Within the material below, locate the line with "但WCBA官網(wǎng)上" and the line with "The pods were", then return those two lines and all lines between them, exactly as written.

■ SUPPLIED INFORMATION ■
==================================================

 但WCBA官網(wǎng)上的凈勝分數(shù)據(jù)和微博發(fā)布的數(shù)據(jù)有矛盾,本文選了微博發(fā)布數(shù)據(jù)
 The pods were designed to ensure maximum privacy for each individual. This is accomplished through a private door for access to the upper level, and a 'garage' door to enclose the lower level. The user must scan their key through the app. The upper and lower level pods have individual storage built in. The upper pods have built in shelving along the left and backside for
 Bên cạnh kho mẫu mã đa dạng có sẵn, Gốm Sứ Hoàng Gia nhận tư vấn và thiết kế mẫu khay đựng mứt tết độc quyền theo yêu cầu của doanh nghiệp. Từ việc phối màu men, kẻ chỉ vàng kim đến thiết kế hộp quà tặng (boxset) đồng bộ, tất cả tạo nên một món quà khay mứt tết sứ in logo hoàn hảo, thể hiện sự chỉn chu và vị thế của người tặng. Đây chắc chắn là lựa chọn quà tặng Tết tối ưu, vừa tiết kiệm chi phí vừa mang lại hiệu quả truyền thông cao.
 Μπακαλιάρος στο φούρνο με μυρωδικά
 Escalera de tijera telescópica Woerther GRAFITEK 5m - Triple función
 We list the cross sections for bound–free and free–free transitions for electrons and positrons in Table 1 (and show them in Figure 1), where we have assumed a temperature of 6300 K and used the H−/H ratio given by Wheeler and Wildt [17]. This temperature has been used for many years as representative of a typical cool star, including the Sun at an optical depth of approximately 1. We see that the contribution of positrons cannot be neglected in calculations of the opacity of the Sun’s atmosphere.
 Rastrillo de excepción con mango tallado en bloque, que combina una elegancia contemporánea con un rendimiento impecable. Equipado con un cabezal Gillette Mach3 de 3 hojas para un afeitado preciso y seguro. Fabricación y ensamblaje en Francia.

==================================================

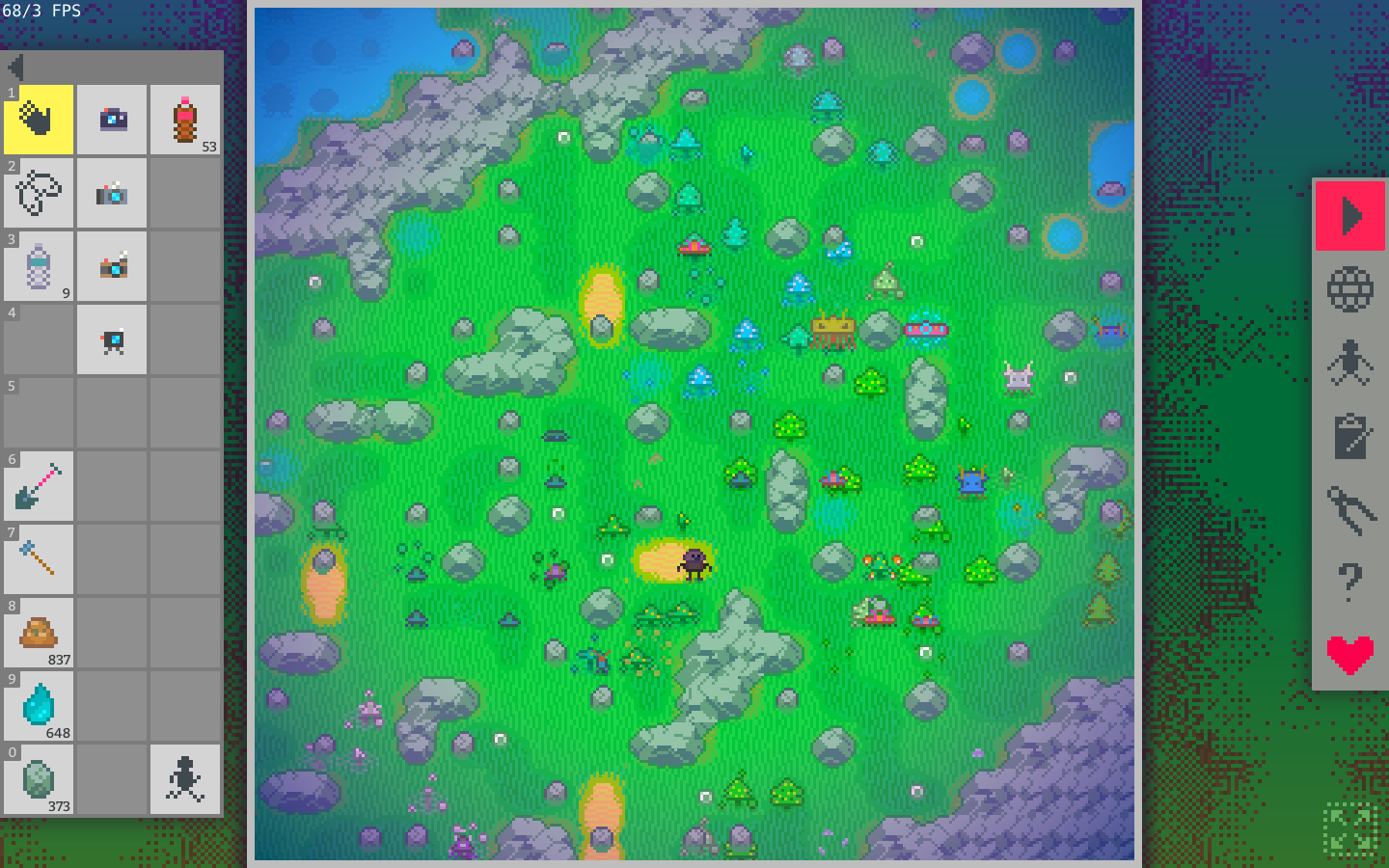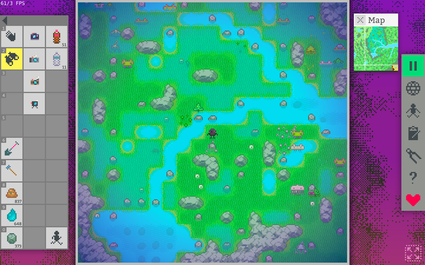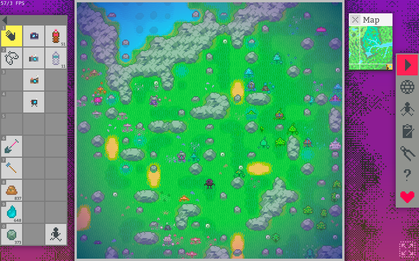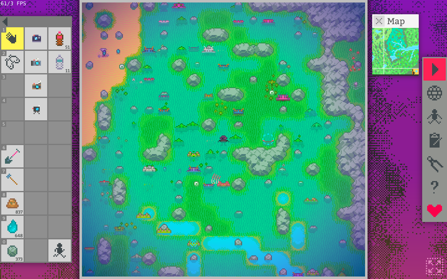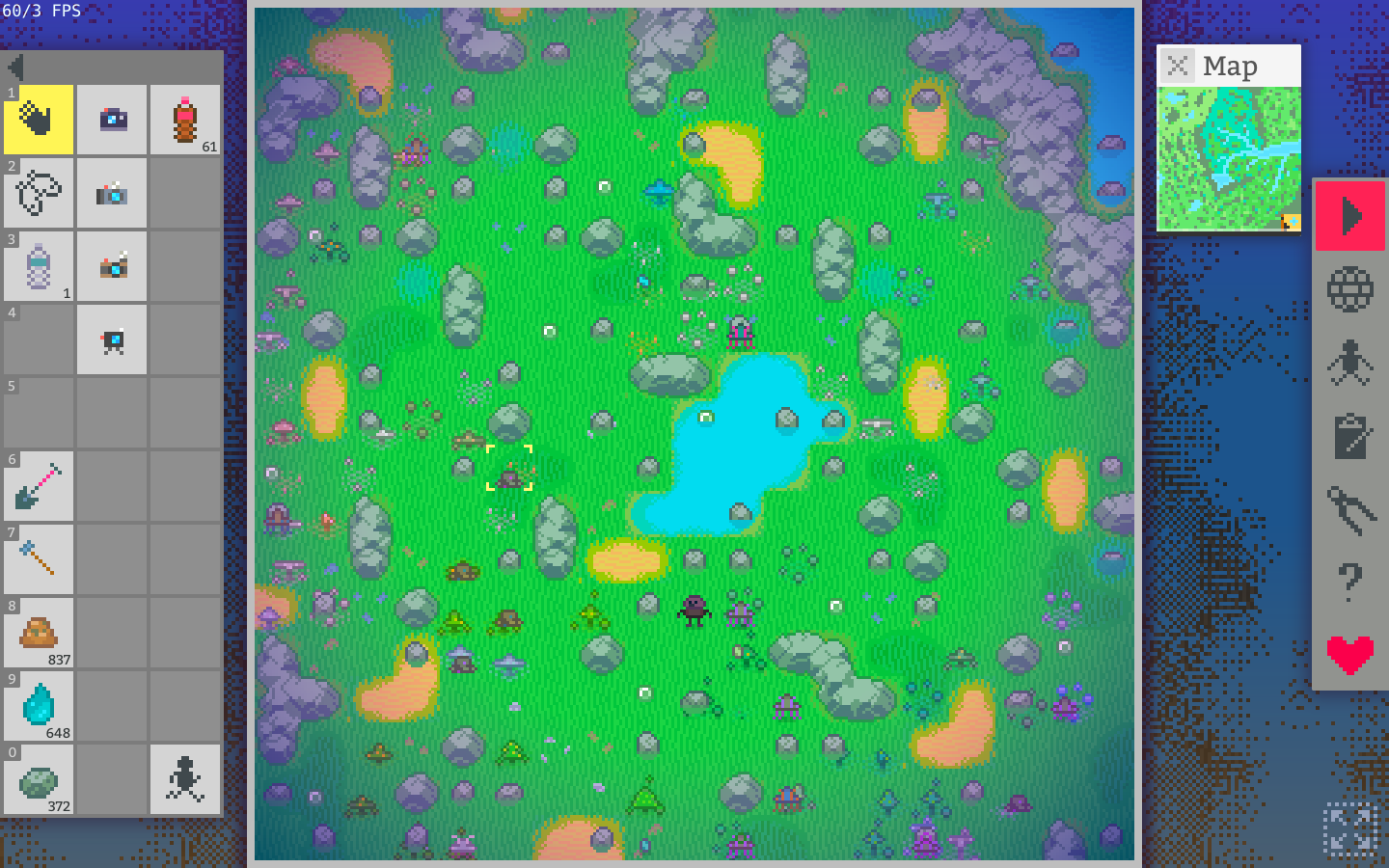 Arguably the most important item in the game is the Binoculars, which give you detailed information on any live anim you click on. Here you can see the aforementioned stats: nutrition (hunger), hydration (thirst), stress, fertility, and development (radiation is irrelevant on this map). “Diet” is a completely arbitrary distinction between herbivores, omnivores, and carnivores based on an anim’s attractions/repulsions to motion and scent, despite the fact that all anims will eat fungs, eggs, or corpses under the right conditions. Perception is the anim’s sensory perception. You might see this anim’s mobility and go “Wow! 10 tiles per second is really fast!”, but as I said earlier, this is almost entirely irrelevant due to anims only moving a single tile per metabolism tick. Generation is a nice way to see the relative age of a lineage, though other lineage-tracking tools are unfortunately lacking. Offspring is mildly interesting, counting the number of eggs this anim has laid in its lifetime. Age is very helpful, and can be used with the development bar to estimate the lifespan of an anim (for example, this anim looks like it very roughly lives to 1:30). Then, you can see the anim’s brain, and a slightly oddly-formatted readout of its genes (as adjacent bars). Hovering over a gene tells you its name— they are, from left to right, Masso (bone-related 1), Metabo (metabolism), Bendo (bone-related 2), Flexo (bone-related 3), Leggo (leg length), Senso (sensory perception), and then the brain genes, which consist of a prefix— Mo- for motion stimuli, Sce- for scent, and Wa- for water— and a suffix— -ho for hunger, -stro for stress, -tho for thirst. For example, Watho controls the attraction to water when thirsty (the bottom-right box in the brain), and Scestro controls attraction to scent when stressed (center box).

==================================================

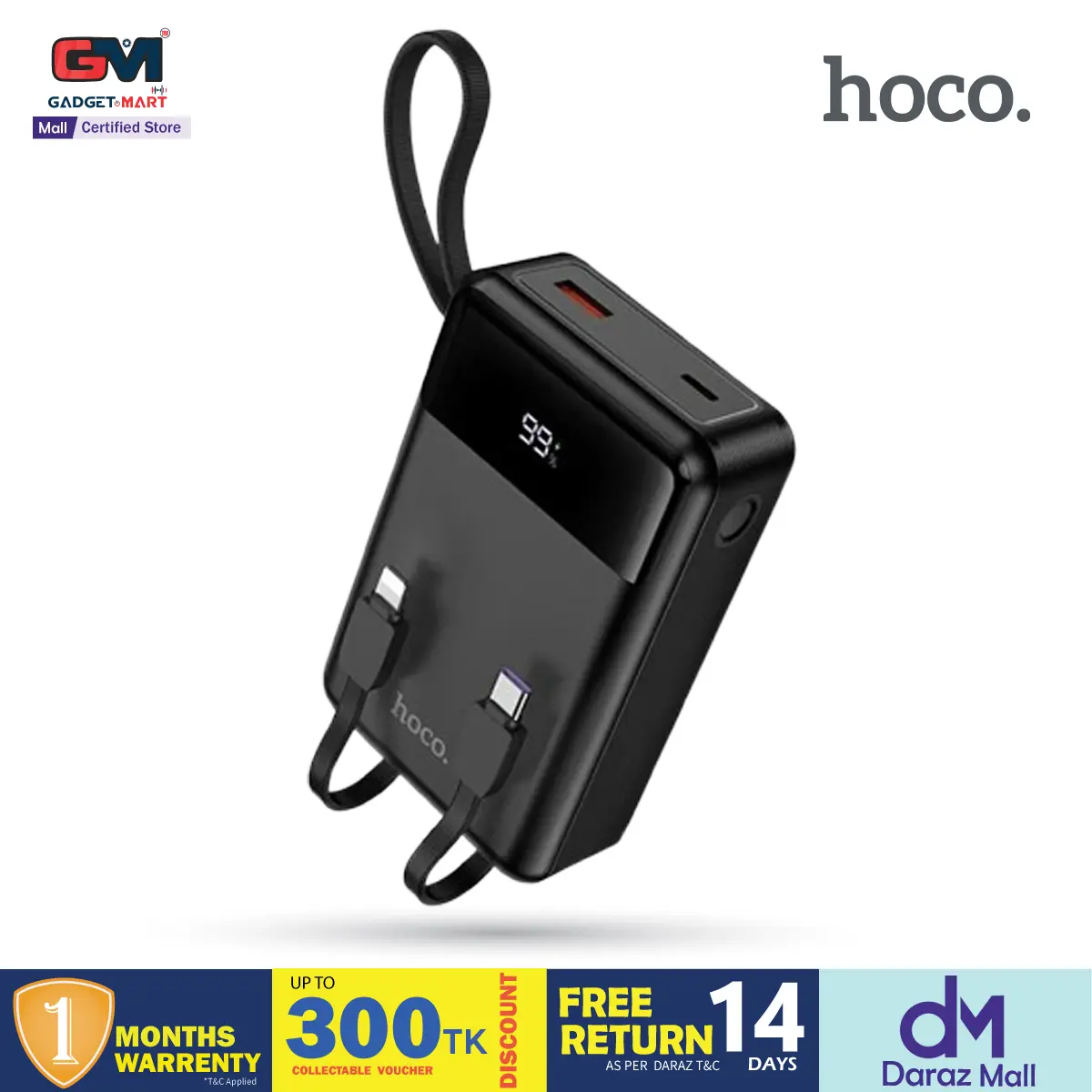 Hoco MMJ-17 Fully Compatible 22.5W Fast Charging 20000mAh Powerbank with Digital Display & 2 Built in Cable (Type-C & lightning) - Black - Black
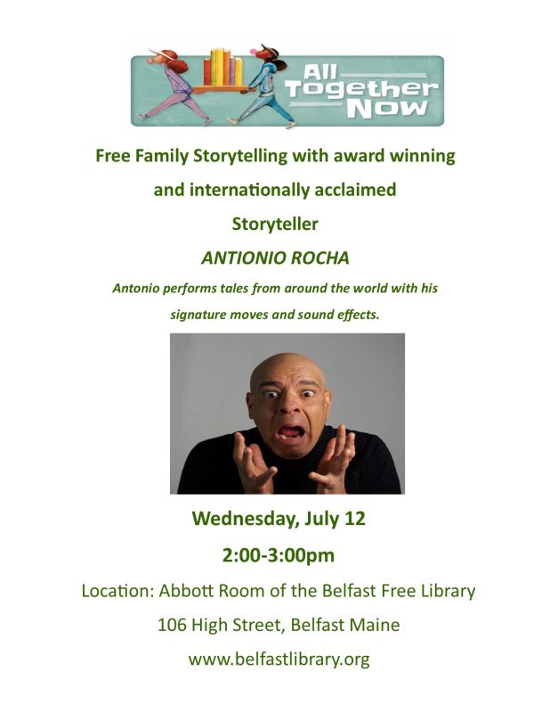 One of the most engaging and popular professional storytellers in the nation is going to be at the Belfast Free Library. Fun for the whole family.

==================================================

■ EXERCISE RESPONSE ■
 但WCBA官網(wǎng)上的凈勝分數(shù)據(jù)和微博發(fā)布的數(shù)據(jù)有矛盾,本文選了微博發(fā)布數(shù)據(jù)
 The pods were designed to ensure maximum privacy for each individual. This is accomplished through a private door for access to the upper level, and a 'garage' door to enclose the lower level. The user must scan their key through the app. The upper and lower level pods have individual storage built in. The upper pods have built in shelving along the left and backside for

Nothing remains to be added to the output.